Verify that all necessary artifacts are present on EGSE Host:

customer@egse-host:~$ ls -lh /var/tftp/tutorial
total 100M
-rw-rw-r-- 1 customer customer  22M Jul 10 11:14 Image
-rw-rw-r-- 1 customer customer 1.6M Jul 10 11:14 boot-firmware.bin
-rw-rw-r-- 1 customer customer 2.8K Jul 10 11:14 boot-pins.scr
-rw-rw-r-- 1 customer customer  86M Jul 10 11:14 antelope-minimal-image-antelope.rootfs.cpio.gz.u-boot
-rw-rw-r-- 1 customer customer  37K Jul 10 11:14 system.dtb

Note

Exact file size might differ a bit but they should be in the same range (for example antelope-minimal-image-antelope.rootfs.cpio.gz.u-boot shall be about ~85MB)
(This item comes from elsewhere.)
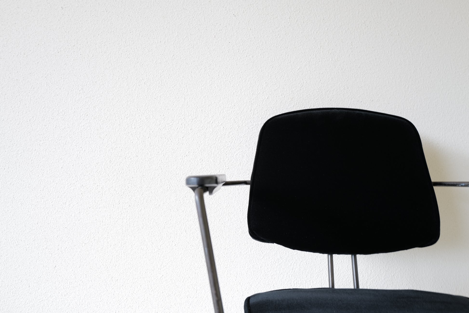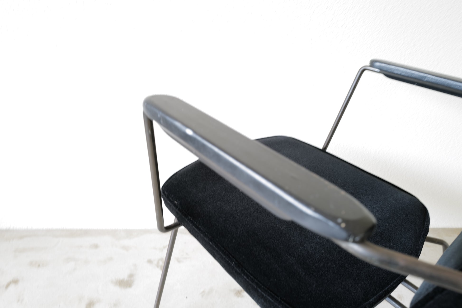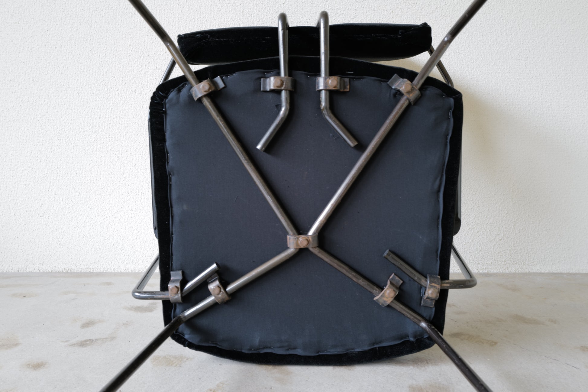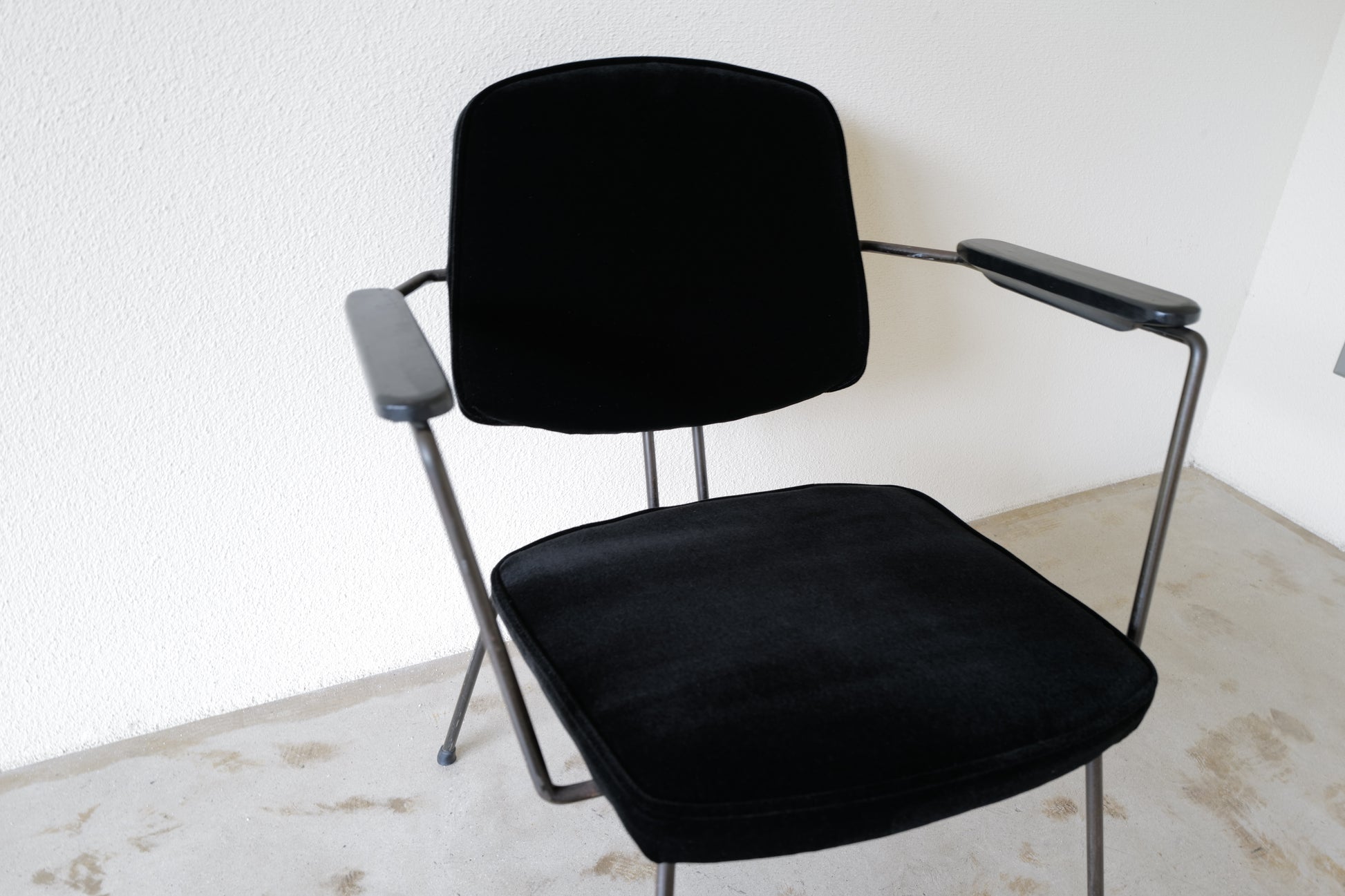 ベークライトの肘掛、ソリッドスチールのロッドフレームで構築された見た目とはうらはらに非常に重量感と安定感を備えたシンプルで美しい椅子です。
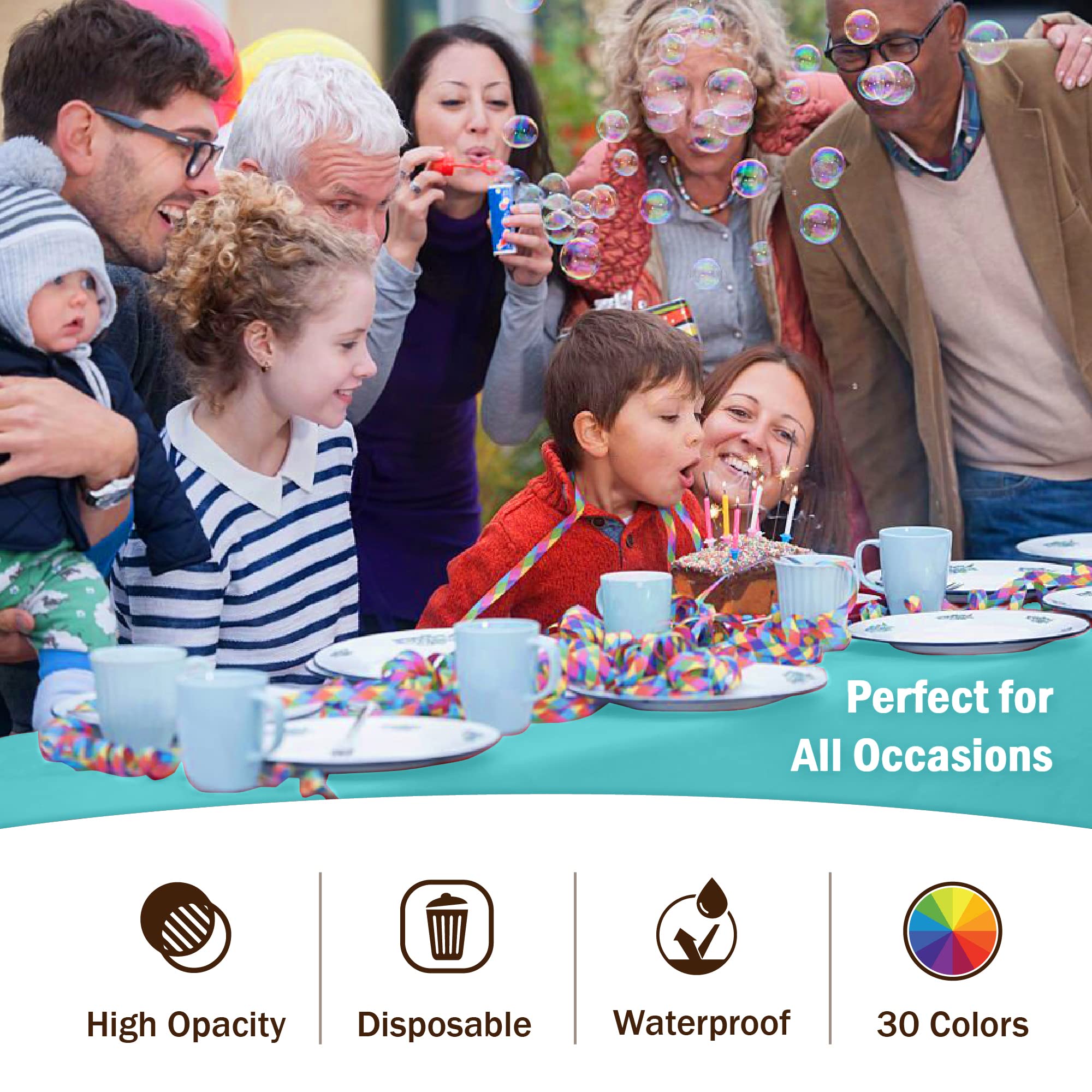 The table covers worked out great for our celebratory gathering. The color and size for the 5-foot-round tables was perfect. The white rectangular covers for display and food tables added a pleasant contrast. The hall was inviting, stylish and festive when set up was completed. Thank you for supplying quality table cover.

Ensure that Antelope is powered off

customer@egse-host:~$ sml power off
Powering off...Success

Power on Antelope

customer@egse-host:~$ sml power on
Powering on...Success

Power on DPU

customer@egse-host:~$ sml dpu power on
Powering on...Success

Open second SSH connection to EGSE Host and start minicom to observe boot process
```
customer@egse-host:~$ minicom -D /dev/sml/antelope-dpu-uart
```
Leave this terminal open and get back to SSH connection used in previous steps.
Release DPU from reset
```
customer@egse-host:~$ sml dpu reset off 7
```
Note

Boot firmware is the same as in Enable programmable logic support.
DPU boot process should be visible in minicom terminal
Log in to DPU using root user
```
antelope login: root
root@antelope:~#
```

Load DPU bitstream

root@antelope:~# fpgautil -o /lib/firmware/antelope-dpu/overlay.dtbo

Verify that DPU instance is visible in system

root@antelope:~# xdputil query
{
   "DPU IP Spec":{
      "DPU Core Count":1,
      "IP version":"v4.1.0",
      "enable softmax":"False"
   },
   "VAI Version":{
      "libvart-runner.so":"Xilinx vart-runner Version: 3.5.0-b7953a2a9f60e23efdfced5c186328dd144966,
      "libvitis_ai_library-dpu_task.so":"Advanced Micro Devices vitis_ai_library dpu_task Version: ,
      "libxir.so":"Xilinx xir Version: xir-b7953a2a9f60e23efdfced5c186328dd1449665c 2024-07-15-16:5,
      "target_factory":"target-factory.3.5.0 b7953a2a9f60e23efdfced5c186328dd1449665c"
   },
   "kernels":[
      {
            "DPU Arch":"DPUCZDX8G_ISA1_B1024",
            "DPU Frequency (MHz)":100,
            "XRT Frequency (MHz)":100,
            "cu_idx":0,
            "fingerprint":"0x101000056010402",
            "is_vivado_flow":true,
            "name":"DPU Core 0"
      }
   ]
}

Follow Machine learning model deployment tutorials to train, compile and deploy model to Deep-learning Processor Unit.

Summary¶

In this tutorial you walked through steps required to include Deep-learning Processor Unit in FPGA design and integrate it with Yocto project.